The only answer to these questions lies in keeping in mind that honesty is an objective standard. The individual is expected to obtain the standard which would be observed by an honest person placed in those circumstances. It is impossible to be more specific.

101.

Where dishonesty is alleged the burden of proof is firmly on the party alleging that dishonesty but remains the ordinary civil burden. In re H and others [1996]Appeal Cases 563 at page 586 Lord Nicholls explained this in the following words:-

The balance of probability standard means that a court is satisfied an event occurred if the court considers that, on the evidence, the occurrence of the event was more likely than not. When assessing the probabilities the court will have in mind as a factor, to whatever extent is appropriate in the particular case, that the more serious the allegation the less likely it is that the event occurred and, hence, the stronger should be the evidence before the court concludes that the allegation is established on the balance of probability. Fraud is usually less likely than negligence. Deliberate physical injury is usually less likely than accidental physical injury. Built into the preponderance of probability standard is a generous degree of flexibility in respect of the seriousness of the allegation.

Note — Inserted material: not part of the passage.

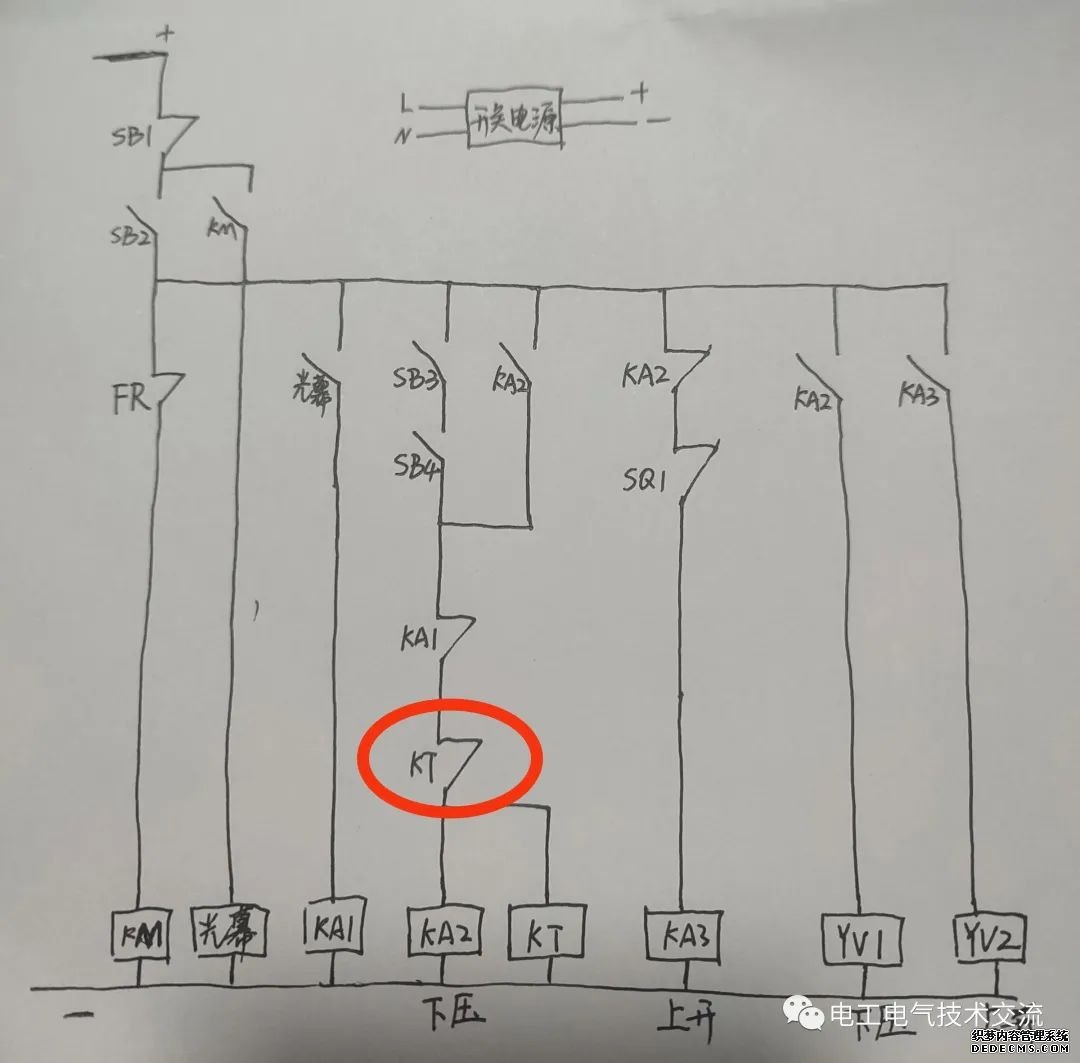 KT設(shè)置下壓的時(shí)間,根據(jù)工藝需要設(shè)置相應(yīng)的時(shí)間,時(shí)間到時(shí),KA2斷電,KA3通電,電磁閥YV2通電,液壓機(jī)上升。

Although the result is much the same, this does not mean that where a serious allegation is in issue the standard of proof required is higher. It means only that the inherent probability or improbability of an event is itself a matter to be taken into account when weighing the probabilities and deciding whether, on balance, the event occurred. The more improbable the event, the stronger must be the evidence that it did occur before, on the balance of probability, its occurrence will be established.

102.

At paragraph 226 of his written closing submissions Mr Miles made the following submissions as to Mr Alford’s state of mind when receiving the payments from Statek sources into his joint sterling account and his dollar account and thereafter disbursing that money on the instructions of Johnston and Spillane.

a)

Mr Alford knew that the monies were Statek’s property. These monies were therefore trust property.

b)

He knew that Statek was a successful manufacturing company with its own employees and creditors.

c)

He was asked to allow his own personal bank accounts to be used to receive and disburse Statek’s corporate funds.

d)

He knew there was no good reason for his own accounts being used to receive and disburse monies. Statek had its own bank accounts in the UK.

e)

He also knew, in respect of many of the receipts that the monies were actually received from a UK bank account of Statek.

f)

He did receive an explanation for the payments to him, that it was for acquisitions in Europe, but the explanation was nonsensical and he believed it to be illogical at the time.

g)

He knew that many of the payments were to Johnston or his entities.

h)

He knew that the payments into and out of his bank accounts were of very large amounts of money, were generally for short periods, and were for no apparent commercial purpose. Certainly the monies were not being held for “acquisitions” and he knew this.

i)

So not only had he received an “illogical” explanation – the pattern of payments was actually inconsistent with what had been explained.

j)

He was also told that the reason for paying Statek’s money to his accounts was to remove it from the normal banking system. This can only have meant putting monies of Statek out of its name into that of Mr Alford, i.e. to conceal the monies. Mr Alford was pressed about this on Day 4. He agreed that the purpose must have been to move the money out of Statek’s name into his own name so that someone would not know that Statek had the money, but said that he did not think about it at the time. He said that he made no inquiries about it and that he treated it as an entirely normal transaction. He still asked no questions when the monies were paid to Johnston. When he was asked why Johnston could not get the money direct from Statek he said “I can’t answer that question”.

103.

I accept Mr Miles’ submissions and find that Mr Alford’s state of mind was as he submits it to have been when each of the large transactions complained of were being handled by him. Like the Deputy Deemster in relation to the Second Respondent in the Barlow Clowes case, which has some factual similarity to the present case, I find that Mr Alford rendered his assistance to carrying out the transactions complained of dishonestly.

Limitation

104.

Mr Alford, for the bulk of the hearing before me, was unrepresented save that he instructed solicitors and counsel to appear to develop a defence of limitation.

105.

So far as material to this judgment Section 21 of the Limitation Act 1980 provides as follows:-

21 (1) No period of limitation prescribed by this Act shall apply to an action by a beneficiary under a trust, being an action –

a)

in respect of any fraud or fraudulent breach of trust to which the trustee was a party or privy; or

b)

to recover from the trustee trust property or the proceeds of trust property in the possession of the trustee, or previously received by the trustee and converted to his use. ..

(3)

Subject to the preceding provisions of this Section, an action by a beneficiary to recover trust property or in respect of any breach of trust, not being an action for which a period of limitation is prescribed by any other provision of this Act, shall not be brought after the expiration of six years from the date on which the right of action accrued.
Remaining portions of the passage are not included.